In Mr. Kiefer’s articles, you’ll find frequent mention of Maricopa County.  You know, the place where Joe Arpaio is sheriff.  More about Maricopa County in future posts.

14 responses to “Prosecutorial Misconduct – Spotlight on Arizona

  1. Mr. Locke, Thank you for posting this important series in your blog. Now people can read about something they’ve never seen in the major city paper of the Arizona Republic. Most of all your comment about the prosecutors’ letter is spot-on! …

    “The position of prosecutor is endowed with more power of discretion than almost any other elected position. There are things prosecutors can decide and do that even governors cannot decide and do. Additionally, the prosecution has the police, the crime labs, a staff of attorneys, and they are funded by the taxpayers; while the defendant has to pay for his own investigators, forensic testing, and attorneys.”

    Mr. Locke, Thank you for shining the harsh spot light on Arizona’s ‘injustice” system. The people, whose voices have been silenced under this reign of terror will greatly appreciate the attention you have brought to the subject of prosecutorial misconduct.

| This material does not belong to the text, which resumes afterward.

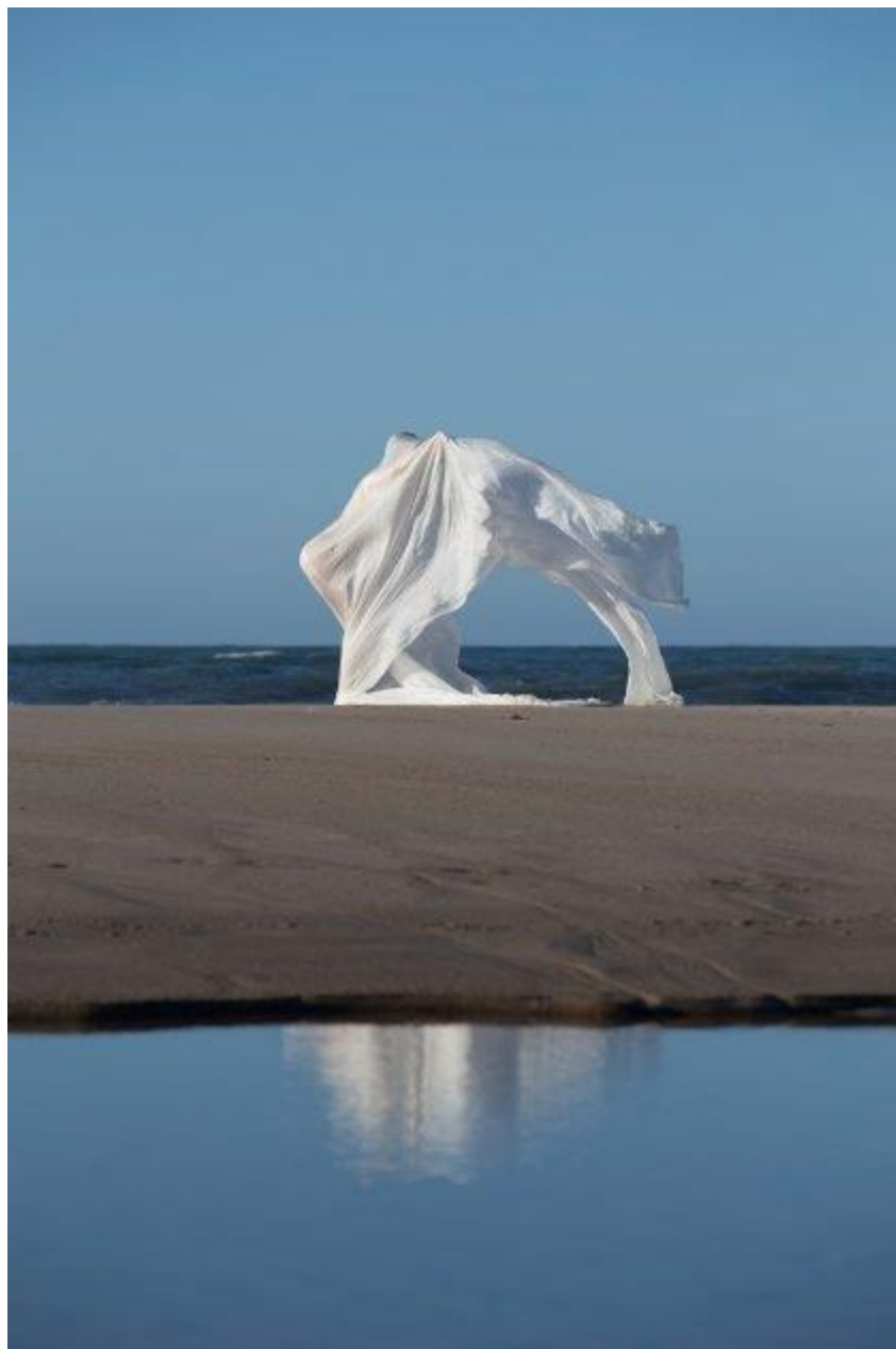
Nana Francisca Schottländer: Vindlegeme. Landskabninger , SMK Thy, 2019.

  2. Oct. 25, 2013 was the deadline for filing a comment in the Arizona Supreme Court Rules Forum on Case No. R-11-0033, Petition to Amend ER 3.8, Rule 42 – Ethics responsibilities of prosecutors. All the comments are posted on the site. This should be a case study of how the AG, the MCAO, prosecutors, lawyers, retired AZ SC judges and the public comment (have to be approved by the AZ Supreme Court to appear).

    The AG writes there are NO Brady violations in Arizona, see his letter, filed on the deadline day of May 20, 2013, when few would see it or be able to respond.

    The Maricopa County Attorney Bill Montgomery and Mark Faull, chief prosecutor (also chief prosecutor for disbarred ex-MCAO Andrew Thomas) comment there are NO wrongful convictions in Arizona, and no one has brought them new evidence or exculpatory evidence and on and on. See link below.

    Who are we to believe. Read all the comments and give us your thoughts.

  3. A 13th Arizona exoneration is Rachel Jernigan missing from the Exoneration Registry…..

    10/28/2013 4:23 PM
    R. Thomas
    Sun City West, AZ


    I support the amendment to ER 3.8. Prosecutor and Maricopa County Attorney are falsifying information to the public when claiming that no innocent person has been convicted in Arizona. There has, no doubt, been several, but I know of one for sure–Ray Krone! Nationwide, the number is over 1,233 innocent individuals that has cost taxpayers millions of dollars in lawsuits; as well as destroying the lives of their friends and family. Just in today news, two in Washington State are declared innocent–AFTER spending 17 years in prison!

    Prosecutors have a 95% or more conviction rate due to “plea bargains” that is nothing more than bribery. Bribery is a violation of Article II, Sec. 4 of our U.S. Constitution. Laws that allow immunity for prosecutors who abuse their power and destroy lives is immoral and evil.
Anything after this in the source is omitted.